WORK ITEM: Could you transcribe the entries below exactly, starting at the line that contains "ações de marketing" and stopping at the last line, without any pictures?

(Dataset excerpts)
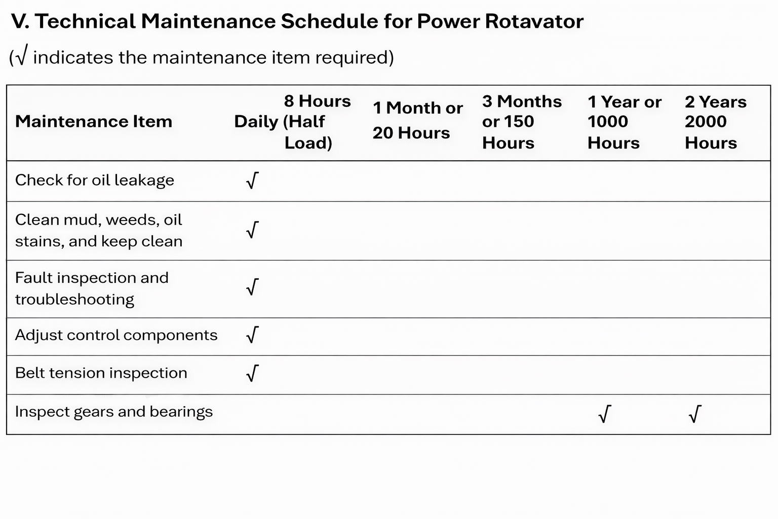 Verwijder na de bediening aarde, onkruid, olie en vuil van de krachtrotavator om netheid en prestaties te behouden.
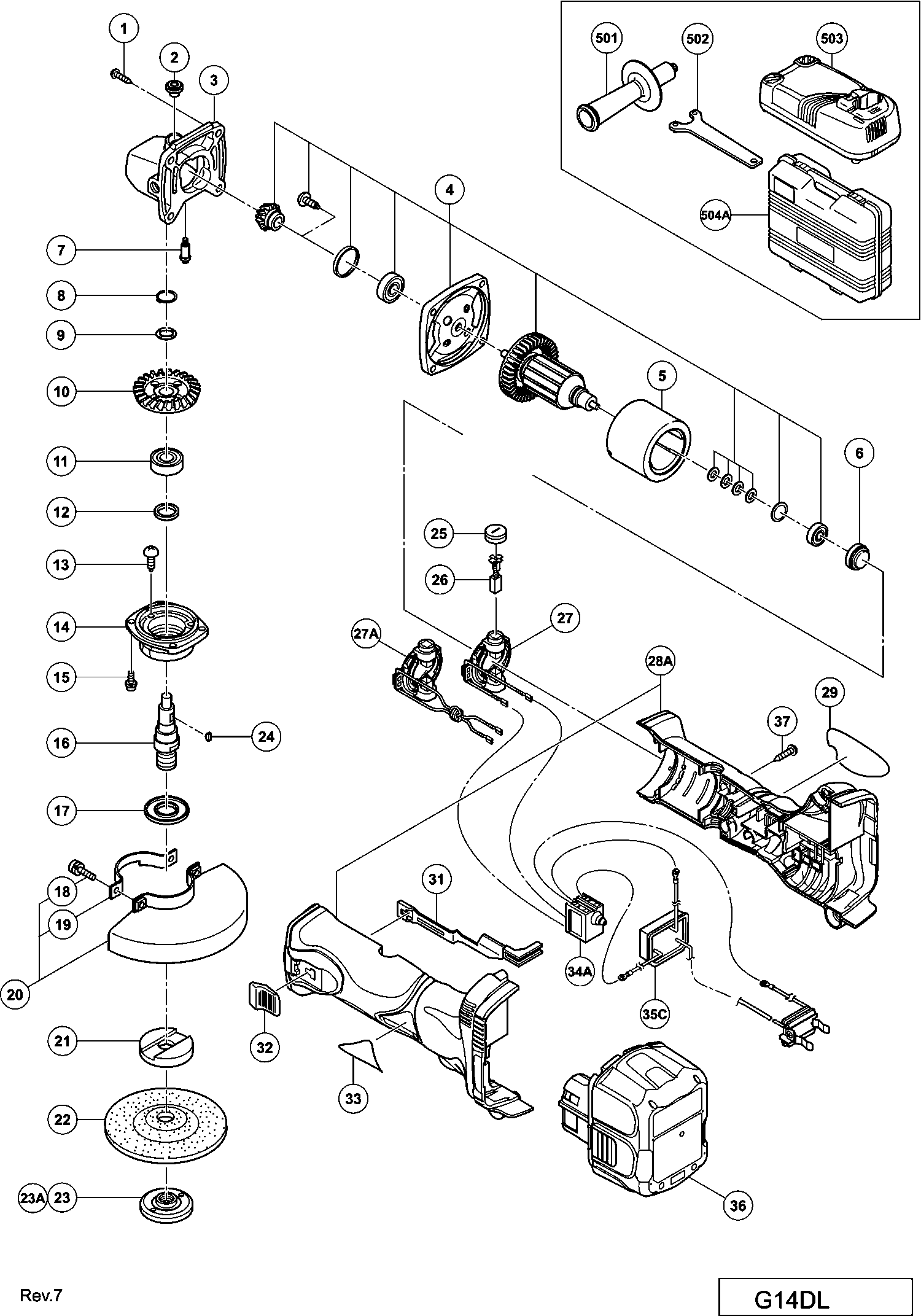 Liste de pièces de rechange des Hikoki G14DL
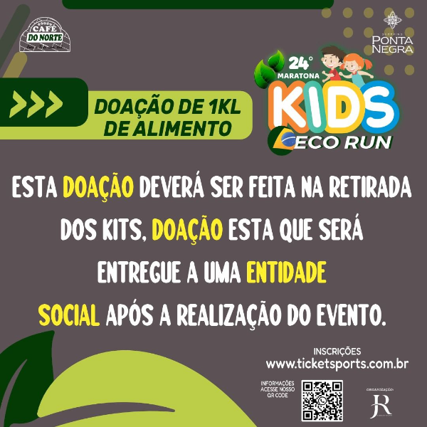 🎈 Atividades recreativas e brincadeiras🍔 Área gourmet🎤 Animação🎁 Sorteios de brindes🌿 Proposta ecológica do evento (Corrida Ecológica)🥫 Doação social obrigatória de 1kg de alimento na retirada do kit (destinado a entidade social após o evento) ❤️📣 Canais oficiais:📸 Instagram: @maratonakidsoficial | https://www.instagram.com/maratonakidsoficial/📲 WhatsApp: (92) 98124-0910📧 E-mail: jaqueline_remigio@hotmail.com👩💼 Coordenação do Evento: Jaqueline Remígio🏷️ Maratona Kids – Corrida da Alegria🧾 CNPJ: 60.833.268/0001-36📍 Endereço: Rua Rafael Assayag, nº 112 – Alvorada – CEP 69043-130 – Manaus/AM📸 Divulgação: uso de imagem (foto/vídeo) autorizado pelos responsáveis no ato da inscrição para divulgação do evento e ações de marketing
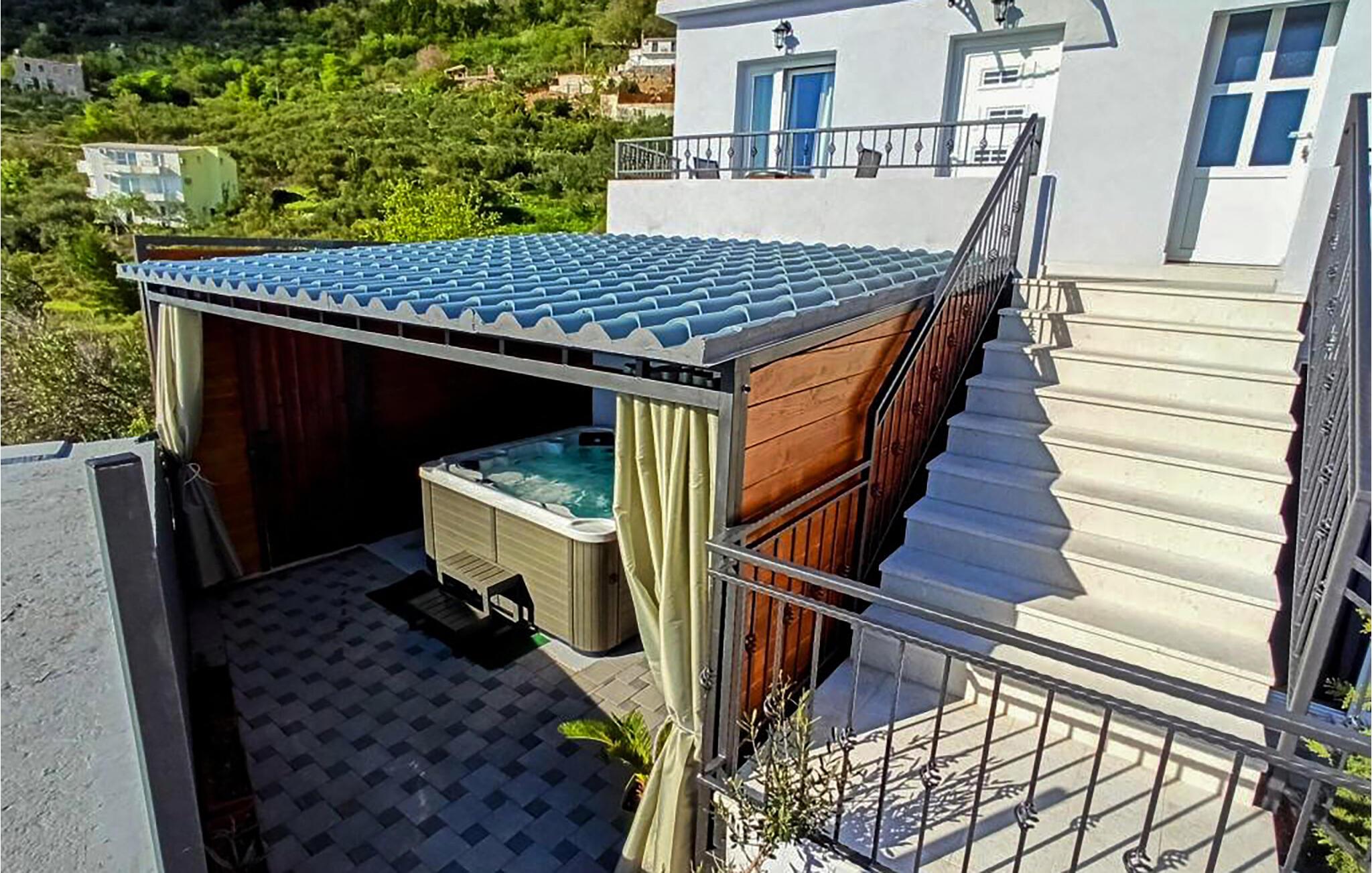 Glæd jer til en behagelig ferie i dette feriehus med pool, spabad og sensationel havudsigt.
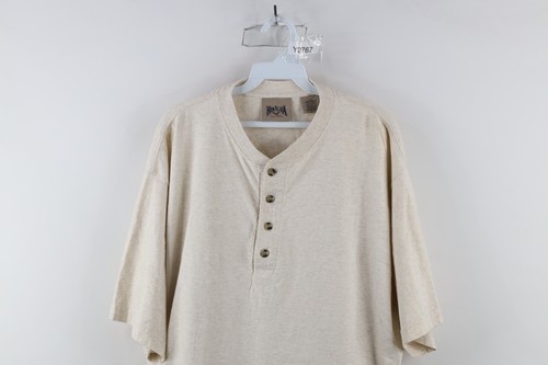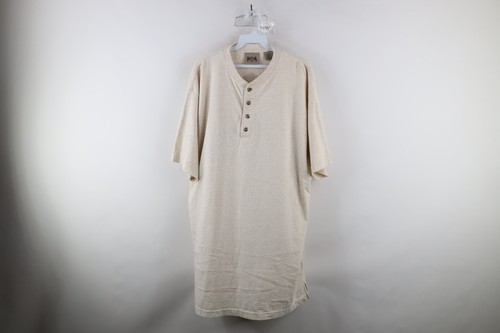 Vintage 90s Streetwear Mens XLT Blank Short Sleeve Henley T-Shirt Heather Beige
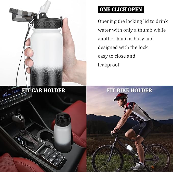 GOPPUS 20oz Insulated Stainless Steel Water Bottle with Straw Lid Leakproof Water Flask, Keeps Hot and Cold Sports Canteen Water Bottles for Kids Men Women Gym (White Black 1 Lid)

EXERCISE ANSWER:
 🎈 Atividades recreativas e brincadeiras🍔 Área gourmet🎤 Animação🎁 Sorteios de brindes🌿 Proposta ecológica do evento (Corrida Ecológica)🥫 Doação social obrigatória de 1kg de alimento na retirada do kit (destinado a entidade social após o evento) ❤️📣 Canais oficiais:📸 Instagram: @maratonakidsoficial | https://www.instagram.com/maratonakidsoficial/📲 WhatsApp: (92) 98124-0910📧 E-mail: jaqueline_remigio@hotmail.com👩💼 Coordenação do Evento: Jaqueline Remígio🏷️ Maratona Kids – Corrida da Alegria🧾 CNPJ: 60.833.268/0001-36📍 Endereço: Rua Rafael Assayag, nº 112 – Alvorada – CEP 69043-130 – Manaus/AM📸 Divulgação: uso de imagem (foto/vídeo) autorizado pelos responsáveis no ato da inscrição para divulgação do evento e ações de marketing
 Glæd jer til en behagelig ferie i dette feriehus med pool, spabad og sensationel havudsigt.
 Vintage 90s Streetwear Mens XLT Blank Short Sleeve Henley T-Shirt Heather Beige
 GOPPUS 20oz Insulated Stainless Steel Water Bottle with Straw Lid Leakproof Water Flask, Keeps Hot and Cold Sports Canteen Water Bottles for Kids Men Women Gym (White Black 1 Lid)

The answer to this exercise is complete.